Я тайно знал, что, будучи белкой, я не мог избрать классических путей человеческих. Мне предстояло по судьбе нечто иное, быть может, очень тяжкое и одинокое, но непременно свое. И я только не знал, не мог угадать — что. А пока со всем жарким неистовством юности отдавался работе прекрасной, любимой, и где-то в глубине души надеялся, что минует меня чаша сия и что я до конца пребуду на ясной дороге, и все тот же четкий горизонт будет звать, манить меня к себе. И я, радостный и свободный, по-прежнему устремлюсь к нему с этюдником на плече, не думая о времени, о хлебе, о вчерашнем и завтрашнем дне.

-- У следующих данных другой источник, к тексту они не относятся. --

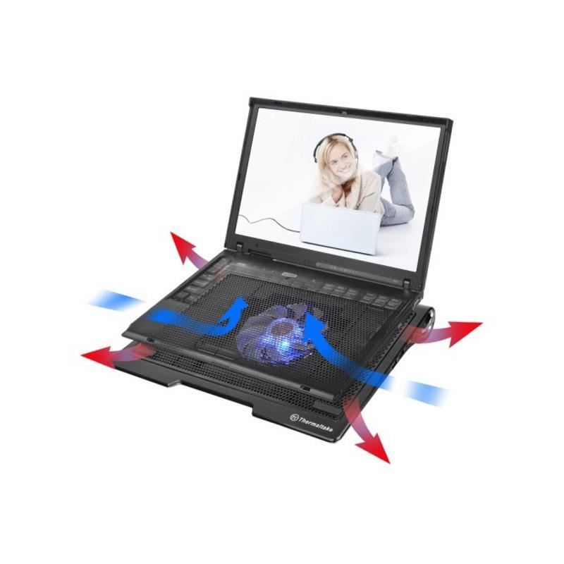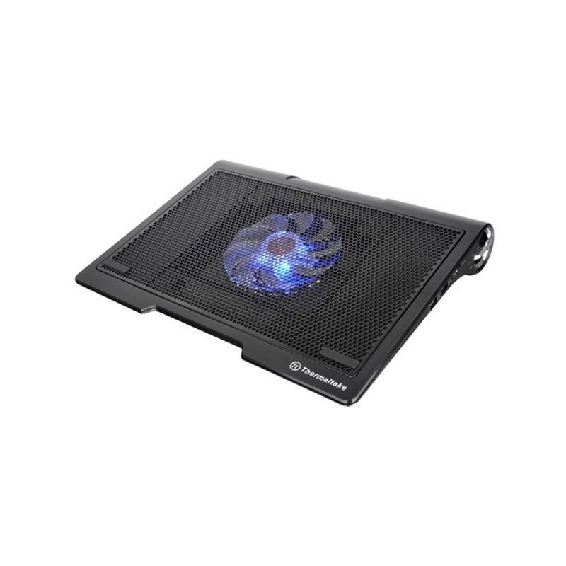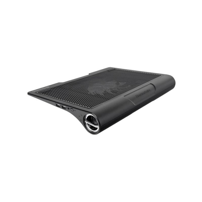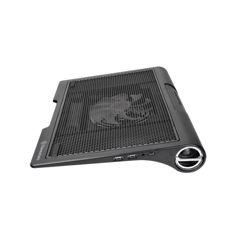 Thermaltake Massive SP, structura din plastic si mesh metalic, dimensiune notebook: 17” (maxim), ventilator silentios de 140mm LED (800-1300 RPM, 54.11 CFM, 1.37 mm-H2O, 29 dBA, control turatie ventilator, buton ON/OFF pentru LED-urile ventilatorului), include 2 boxe stereo, 2 porturi USB, alimentare prin portul USB, design anti-alunecare, dimensiuni: 387 x 282 x 57 mm, greutate: 950g

Однажды я вернулся к дому Прасковьи очень поздно, старуха уже спала, закрыв калитку на все запоры, мне пришлось перелезать через забор и в темноте, ощупывая колючие кусты малины, осторожно пробираться к летнему домику под тополем. Включив свет, я словно был мгновенно ослеплен, зажмурился и какое-то время простоял у порога, вслушиваясь в громкое, упорное жужжание, исходившее откуда-то из угла комнаты. Привыкнув к свету, я осмотрелся, разложил по местам свои вещи, хотел поесть чего-нибудь, если найдется, но настойчивое гудение насекомого словно призывало меня, я прошел в угол и увидел пчелу, прилипшую спиною к тугой паутине. Многие нити тенет были порваны мощными усилиями пленницы, но ей, обессиленной, не удалось вырваться из них, и хозяин западни, толстобрюхий паучок, суетливо бегал вокруг огромной добычи и торопливо набрасывал на нее все новые пряди липких пут. Я долго смотрел на пчелу, почему-то не спеша дать ей свободу, и постепенно перестал понимать, то ли я стою и смотрю на страдания пчелы, то ли сам попался в паутину и теперь, с трудом высвобождая одно крыло, чую приближение тепла, исходящего от огромной горы человеческого тела. Паутина тряслась и покачивала меня, словно зыбкий гамак, и красные глазки паука, злорадно и жадно поглядывающего издали, прыгали передо мною, силы мои подходили к концу, неимоверная боль ломила крылья, но страшная, чуждая вонь, исходящая от паука, пробудила во мне ужас, а вместе с этим и новые силы для предсмертного сопротивления.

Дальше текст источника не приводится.